妄想美術館

4月に始めた美術館の監視員のバイト。
初めてということでやる気を出し、シフトをどんどん入れてしまったがために、連日のように入っている。
それはそれで楽しいのでいいのだが、お客様を眺めながら、こんな美術館あったらいいな〜と妄想膨らませるときがある。
因みに、勤務している美術館は新しく、個人的にとっても好きな美術館なので、文句があるわけではない。むしろここで働けてすごく嬉しいですと思っている。

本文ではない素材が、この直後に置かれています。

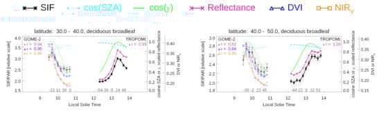 Here, we examine the sun-sensor geometry dependence of far-red SIF, near infrared (NIR) reflectance, and two reflectance-based indices that have been proposed as proxies for  with large swath satellite sensors: the Global Ozone Monitoring Experiment 2 (GOME-2) and the TROPOspheric Monitoring Instrument (TROPOMI). We consider the range of local solar times (and thus solar zenith angles) observed systematically across the large swaths of GOME-2 and TROPOMI. Although the host satellites of GOME-2 and TROPOMI have equator crossing times that differ by hours, their orbital attributes allow SIF retrievals from these sensors to be directly compared at the same local overpass times at high latitudes in the northern hemisphere during summer, sometimes with similar viewing geometry. Using a one dimensional (1D) canopy radiative transfer model, we examine the geometry dependences of SIF, its basic components in Equation (1), as well as NIR reflectance and related indices including systematic satellite cross-track variations.
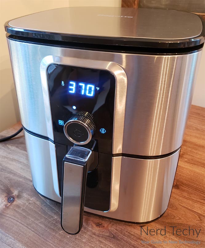 使用旋钮,您可以将0从零到60分钟或在其中任何位置调整的时间。大多数空气油炸锅食谱只需要几分钟才能做饭。那说,如果你正在像烤肉一样烹饪的东西,你就会想要运行更长的烹饪周期。关键是,您有选择,控制方案直观。此外,您可以从170到400度的5分钟增量调整温度。在其最低的环境中,对于在烹饪剩余的饭菜时,它很棒。换句话说,它几乎运行了你可以从空气炸锅中所期待的赌场。

どんな美術館を妄想しているかというと、壁が可変で、スイッチでゴゴゴゴゴ…と壁が下にずれたり上に上がったりする建物である。
もしくは、逆に床が上がったり下がったりか。
妄想的には前者の方が、バットマンの秘密の部屋っぽくてかっこよさげなので好みである。

なぜこの美術館を妄想したかというと、車椅子のお客様を見て、こんな美術館あったらいいのになと思ったのだ。
美術館で飾られる絵は、平均的な大人の身長をベースに設置されている。
そうなると、車椅子に座って見るには高すぎるのだ。
子どもにとっても高いのだが、子どもはまだ親が抱っこするという選択肢がある。
でも車椅子に座ってる人の多くにはその選択肢がない。

週に何回か、絵や説明パネルが低い位置にある日を設定して、車椅子の方、子どもなど、低い位置が丁度いい人たち優先に鑑賞してもらったらいいんじゃないかなと思ったのだ。
一般的な大人の場合でも、もしかしたら低い位置にあることで新たな視線が生まれて面白いかもしれない。

施設の造りとして難易度が高そうだが、そんな妄想をしながら立っていたのだった。